My BIL caught this guy at Ocean Isle Beach last year.


----------



## kayakangler

camily said:


> My BIL caught this guy at Ocean Isle Beach last year.




cool hammerhead... 



<<<< for bettie page..


----------



## camily

kayakangler said:


> cool hammerhead...
> 
> 
> 
> <<<< for bettie page..



It looks like a hammerhead but actually it was a Bonnethead.Here's a better pic.
I also included a pic of a shark we found dead on the shore one night and the little one my son caught.


----------



## dems4me

Wonderful pictures!!  Thanks for sharing!


----------



## kayakangler

camily said:


> It looks like a hammerhead but actually it was a Bonnethead.Here's a better pic.
> I also included a pic of a shark we found dead on the shore one night and the little one my son caught.



never heard of that cool.. learn somthing new everday


----------



## corollinout

I would say Ocean Fish, the Tuna I caught when I was 12 or 13 that was almost as tall as me. Don't have pics scanned of it, still looking for them.
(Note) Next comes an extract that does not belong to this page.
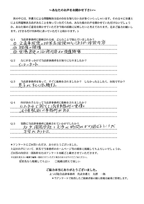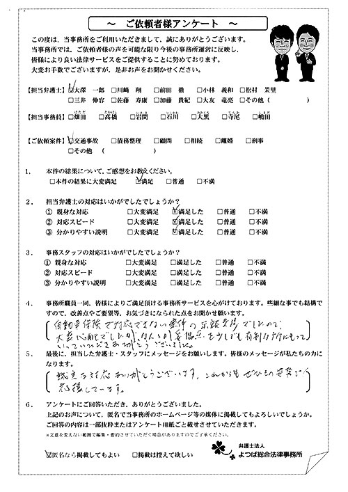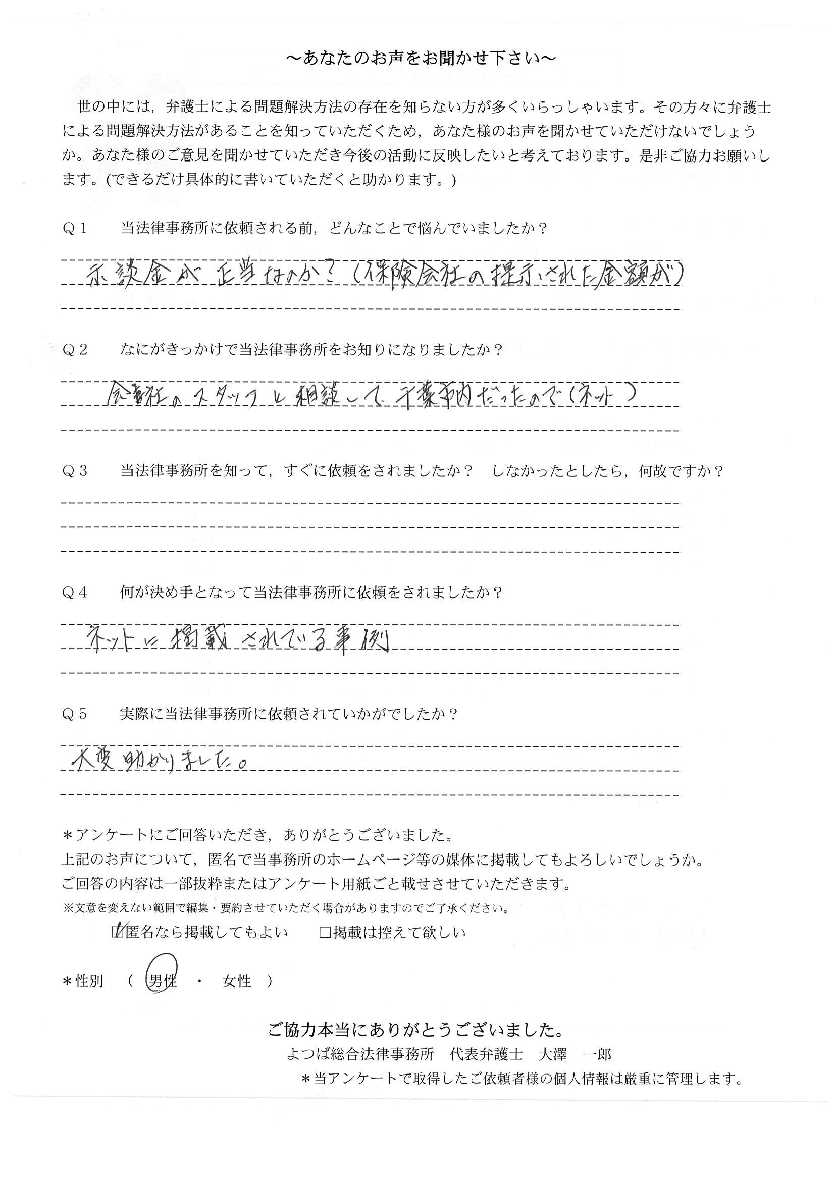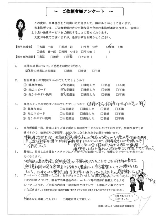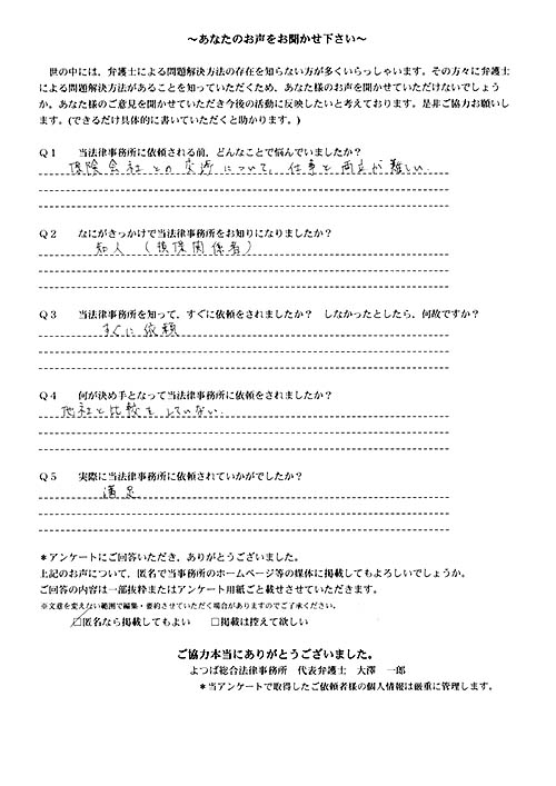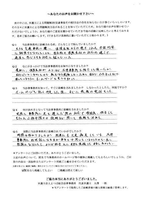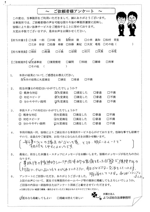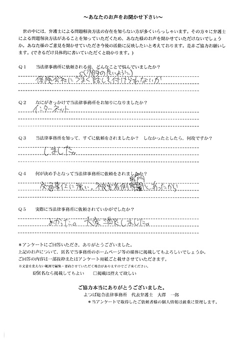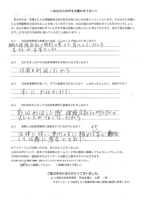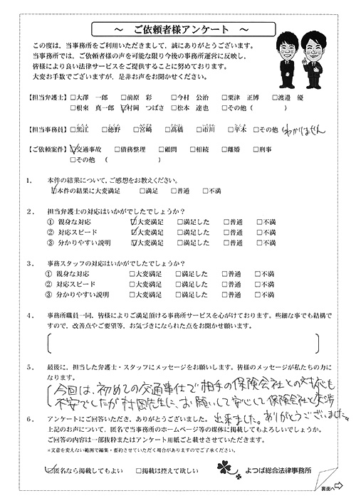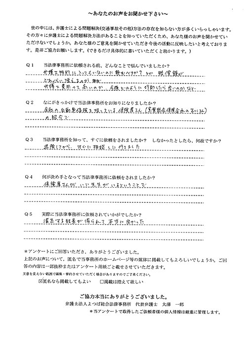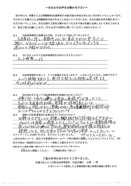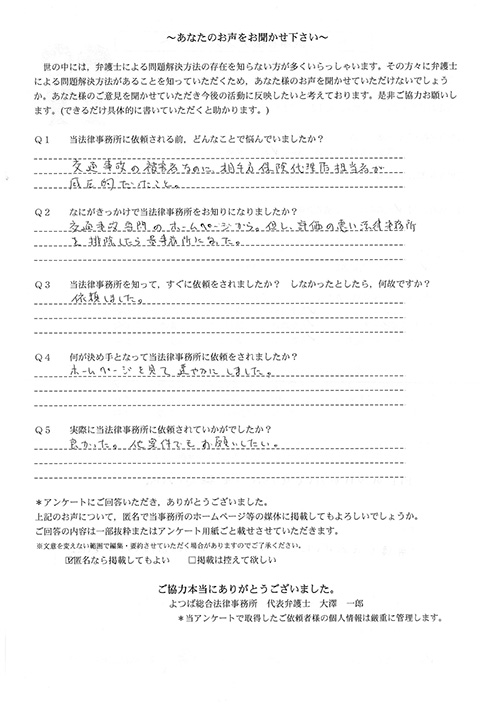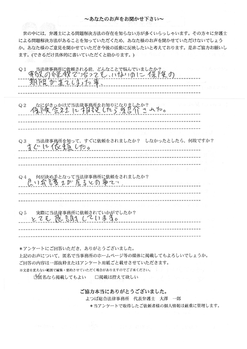 ご依頼した傷害保険会社との交渉以外にも、身近に起こった小さな相談事にも話を聞いていただき、相談に乗っていただき助かりました。また主たる依頼(保険会社との交渉)についても、当初、私が期待していた以上の成果をあげていただき、依頼して良かったと思っております。感謝です。ホームページで貴事務所の地図を分かり易くして欲しい。近隣の地図上の位置も載せてほしい。

Same for the pics but when I was 14 caught a 38" rock out of Breezy Point.

This bass was caught in Lake Lariat in 2008. Biggest bass for me to date. crappy cell pic though.






Nice Bluegill caught in the spill way






Oh yeah and the devil fish......






That caused this. 2 bent hooks straight into my kneecap no way to get it out but with hospital type stuff


----------



## rockfish

corollinout said:


> I would say Ocean Fish, the Tuna I caught when I was 12 or 13 that was almost as tall as me. Don't have pics scanned of it, still looking for them. Same for the pics but when I was 14 caught a 38" rock out of Breezy Point.
> 
> This bass was caught in Lake Lariat in 2008. Biggest bass for me to date. crappy cell pic though.
> 
> 
> 
> 
> 
> 
> Nice Bluegill caught in the spill way
> 
> 
> 
> 
> 
> 
> Oh yeah and the devil fish......
> 
> 
> 
> 
> 
> 
> That caused this. 2 bent hooks straight into my kneecap no way to get it out but with hospital type stuff



Nice fish, but that last one made me


----------



## jazz lady

corollinout said:


> That caused this. 2 bent hooks straight into my kneecap no way to get it out but with hospital type stuff




Owie!    Nice catches to the rest of you.


----------



## corollinout

rockfish said:


> Nice fish, but that last one made me



That last one made me do the samething. It went through the jeans and I had to walk about a mile back to the car to try to cut the pants before I could get anywhere. Unfortunately I drove a stick at the time. It was there for about 4 hours.


----------



## toppick08

corollinout said:


> I would say Ocean Fish, the Tuna I caught when I was 12 or 13 that was almost as tall as me. Don't have pics scanned of it, still looking for them. Same for the pics but when I was 14 caught a 38" rock out of Breezy Point.
> 
> This bass was caught in Lake Lariat in 2008. Biggest bass for me to date. crappy cell pic though.
> 
> 
> 
> 
> 
> 
> Nice Bluegill caught in the spill way
> 
> 
> 
> 
> 
> 
> Oh yeah and the devil fish......
> 
> 
> 
> 
> 
> 
> That caused this. 2 bent hooks straight into my kneecap no way to get it out but with hospital type stuff




..can't wait to wet some lines...


----------



## desertrat

My Dad about 1965.
He had been trying for one of these for about 6 years. Every Feb. though April, every other weekend, just about. My brother and I always went along and we caught a lot of other stuff, sharks, rays, surf perch, corvina, etc. Then I missed one friggin' trip for some reason.


----------



## camily

desertrat said:


> My Dad about 1965.
> He had been trying for one of these for about 6 years. Every Feb. though April, every other weekend, just about. My brother and I always went along and we caught a lot of other stuff, sharks, rays, surf perch, corvina, etc. Then I missed one friggin' trip for some reason.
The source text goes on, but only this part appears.